Of course, many people watch too much TV and it can make viewers passive and mentally dull. But if David Burke is the result of not watching TV, then it is obvious that mental dullness can be acquired through TV abstinence too. "TV is teaching you, you're boring," he said. In fact, at the moment he said it, TV was teaching me that David Burke is boring. He was right to argue that a "stream of bullying and persuasion" comes out of the box. But knowing that, you can learn to cope with it.

That's why so much TV advertising is deeply offensive. It can only pretend to treat you as an equal. Paying the piper, it calls the tune. Anyway, Burke has written an anti-television book titled Get A Life. There are important anti-television books to be written but on the evidence of the author's precis of this one, he ought to take his own advice and quit writing books. Still, Heart of the Matter, in allowing David Burke to demolish his own arguments, will have stimulated people to think about what the box is telling them. Clever TV and properly inconclusive.

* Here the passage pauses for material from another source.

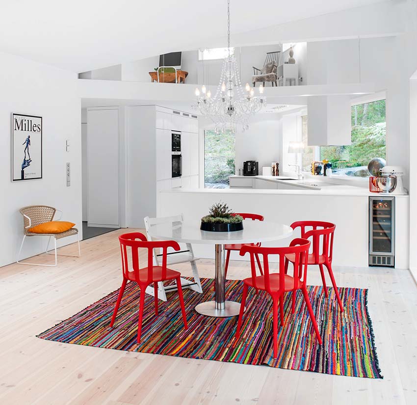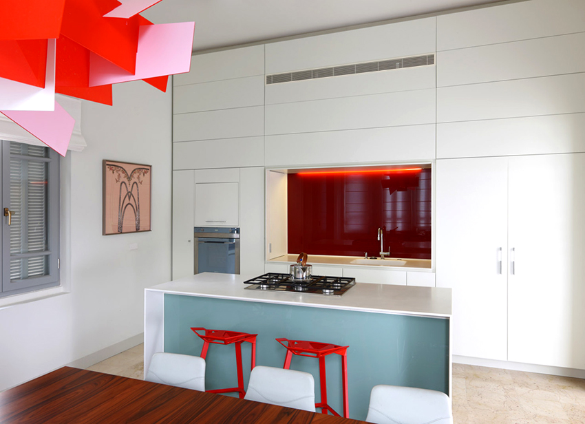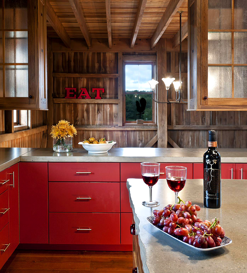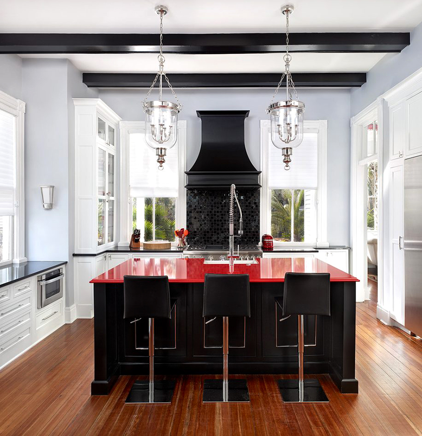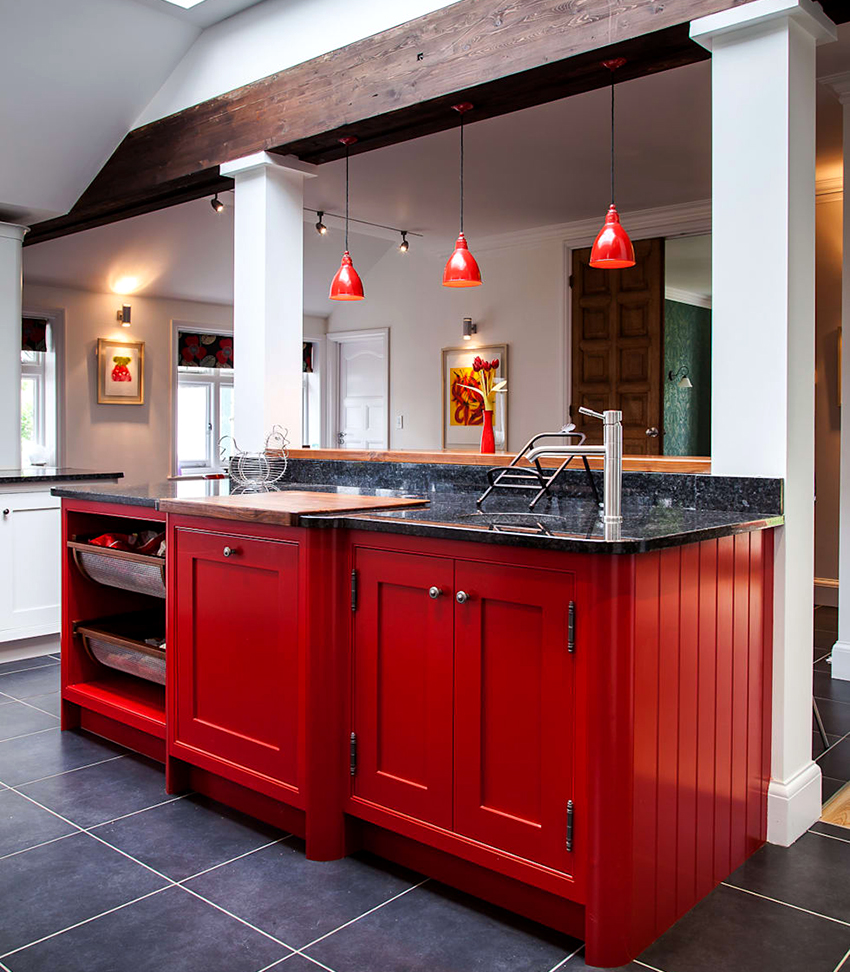 Os tons de vermelho são recomendados para decorar cozinhas nos estilos retro, provençal e fusion. Se usado corretamente, o vermelho também é adequado para criar um interior clássico. A versatilidade desta cor reside no facto de poder ser facilmente combinada com outras tonalidades e uma variedade de padrões geométricos.
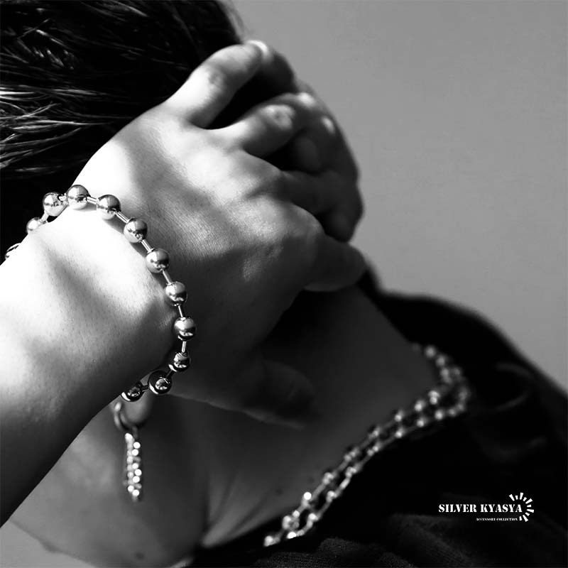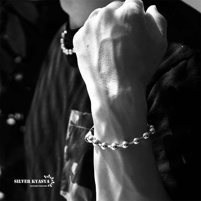 幅8mmのラージサイズのボールを使用した、シンプルなボールチェーンブレスレットです。

Finally, The Real Lena Zavaroni. Back in 1974, aged 10, she achieved fame as "the little girl with the big voice" when her song Ma! He's Making Eyes at Me became a popular hit. For the following few years she was a regular on British television and toured Japan and the US, where she met such as Frank Sinatra, Lucille Ball and Jerry Lewis. She also sang at the White House for President Gerald Ford.

But this documentary in Channel 4's Trouble With Food season was a a full-blown horror story. Lena Zavaroni developed anorexia nervosa and over the years literally faded away, dying recently at the age of 35. Old TV performances, photographs and home movies detailed her physical deterioration. It was as though she wished to de-exist, to get her skeleton on the outside of her body. For those of us who had heard about, but never seen the full awfulness of this disease, this was salutary television. Watching this, TV wasn't teaching me that I'm boring (which may or may not be) but that I'm ignorant of a great many subjects.

Zavaroni had been plucked from a little Scottish village when she was 10. It's a ludicrously early age to be exposed to the bright lights and dark jealousies of showbiz. But who knows what caused her illness? Research into the disease suggests there's a genetic component but the complexities of nurture's effects on nature cannot be dismissed. Either way, this was a deeply disturbing story: if is was inevitable, that's horrific and if it wasn't, that's horrific too.